One factor is how much data you are going to be reading, and so how long the program initially takes to run, i.e. whether there's any benefit in working on the performance.
See the book quotes in this answer for some good, general advice on thinking about software performance.
(I know you're for an answer in theory, but this aspect of when to worry about performance is also important, whenever you have a finite amount of time to spend.)
I am writing some binary data into a binary file through fwrite and once i am through with writing i am reading back the same data thorugh fread.While doing this i found that fwrite is taking less time to write whole data where as fread is taking more time to read all data.
So, i just want to know is it fwrite always takes less time than fread or there is some issue with my reading portion.
Although, as others have said, there are no guarantees, you'll typically find that a single write will be faster than a single read. The write will be likely to copy the data into a buffer and return straight away, while the read will be likely to wait for the data to be fetched from the storage device. Sometimes the write will be slow if the buffers fill up; sometimes the read will be fast if the data has already been fetched. And sometimes one of the many layers of abstraction between fread/fwrite and the storage hardware will decide to go off into its own little world for no apparent reason.
The C++ language makes no guarantees on the comparative performance of these (or any other) functions. It is all down to the combination of hardware and operating system, the load on the machine and the phase of the moon.
These functions interact with the operating system's file system cache. In many cases it is a simple memory-to-memory copy. Write could indeed be marginally faster if you run your program repeatedly. It just needs to find a hole in the cache to dump its data. Flushing that data to the disk happens at a time you can't see or measure.
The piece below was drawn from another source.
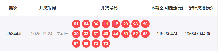 1、25344期开奖号码:01 04 06 11 12 20 23 26 30 33 37 40 44 50 52 53 67 68 72 73

More work is usually needed to read. At a minimum it needs to traverse the cache structure to discover if the disk data is already cached. If not, it is going to have to block on a disk driver request to retrieve the data from the disk, that takes many milliseconds.
The standard trap with profiling this behavior is taking measurements from repeated runs of your program. They are not at all representative for the way your program is going to behave in the wild. The odds that the disk data is already cached are very good on the second run of your program. They are very poor in real life, reads are likely to be very slow, especially the first one. An extra special trap exists for a write, at some point (depending on the behavior of other programs too), the cache is not going to be able to buffer the write request. Write performance is then going to fall of a cliff as your program gets blocked until enough data is flushed to the disk.
Long story short: don't ever assume disk read/write performance measurements are representative for how your program will behave in production. And perhaps more to the point: there isn't anything you can do to solve disk I/O perf problems in your code.
You are seeing some effect of the buffer/cache systems as other have said, however, if you use async API (as you said your suing fread/write you should look at aio_read/aio_write) you can experiment with some other methods for I/O which are likely more well optimized for what your doing.
One suggestion is that if you are read/update/write/reading a file a lot, you should, by way of an ioctl or DeviceIOControl, request to the OS to provide you the geometry of the disk your code is running on, then determine the size of a disk cylander so you may be able to determine if you can do your read/write operations buffered inside of a single cylinder. This way, the drive head will not move for your read/write and save you a fair amount of run time.